*** Block opens ***

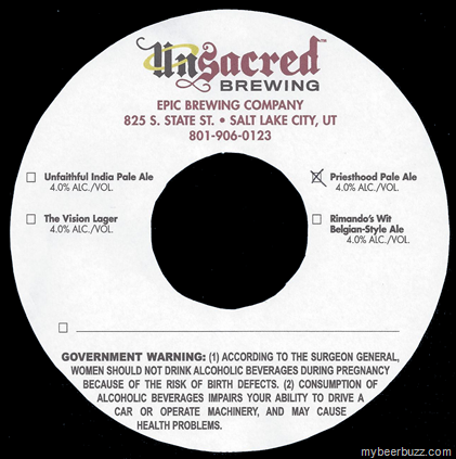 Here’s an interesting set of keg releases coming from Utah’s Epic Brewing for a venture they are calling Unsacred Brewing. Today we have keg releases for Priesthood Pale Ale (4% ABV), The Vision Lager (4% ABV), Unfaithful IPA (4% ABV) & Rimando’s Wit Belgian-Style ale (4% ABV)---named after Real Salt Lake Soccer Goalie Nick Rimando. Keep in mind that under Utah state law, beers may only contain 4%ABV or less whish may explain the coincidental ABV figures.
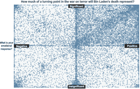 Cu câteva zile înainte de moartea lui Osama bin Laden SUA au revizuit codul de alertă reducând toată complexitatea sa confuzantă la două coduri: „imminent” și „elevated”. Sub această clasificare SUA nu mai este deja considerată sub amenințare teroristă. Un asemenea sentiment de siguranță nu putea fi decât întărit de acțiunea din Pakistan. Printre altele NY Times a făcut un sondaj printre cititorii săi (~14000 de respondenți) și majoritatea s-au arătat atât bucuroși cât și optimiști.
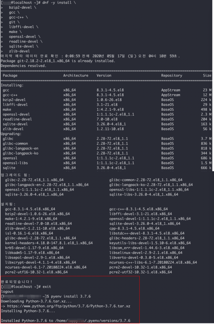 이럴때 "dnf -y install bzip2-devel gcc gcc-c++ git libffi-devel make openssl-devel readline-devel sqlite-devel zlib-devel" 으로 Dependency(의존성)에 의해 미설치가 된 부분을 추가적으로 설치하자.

*** Block closes ***

PROBLEM STATEMENT:
For this step, transcribe all the material above exactly and drop the images.

EXERCISE ANSWER:
 Here’s an interesting set of keg releases coming from Utah’s Epic Brewing for a venture they are calling Unsacred Brewing. Today we have keg releases for Priesthood Pale Ale (4% ABV), The Vision Lager (4% ABV), Unfaithful IPA (4% ABV) & Rimando’s Wit Belgian-Style ale (4% ABV)---named after Real Salt Lake Soccer Goalie Nick Rimando. Keep in mind that under Utah state law, beers may only contain 4%ABV or less whish may explain the coincidental ABV figures.
 Cu câteva zile înainte de moartea lui Osama bin Laden SUA au revizuit codul de alertă reducând toată complexitatea sa confuzantă la două coduri: „imminent” și „elevated”. Sub această clasificare SUA nu mai este deja considerată sub amenințare teroristă. Un asemenea sentiment de siguranță nu putea fi decât întărit de acțiunea din Pakistan. Printre altele NY Times a făcut un sondaj printre cititorii săi (~14000 de respondenți) și majoritatea s-au arătat atât bucuroși cât și optimiști.
 이럴때 "dnf -y install bzip2-devel gcc gcc-c++ git libffi-devel make openssl-devel readline-devel sqlite-devel zlib-devel" 으로 Dependency(의존성)에 의해 미설치가 된 부분을 추가적으로 설치하자.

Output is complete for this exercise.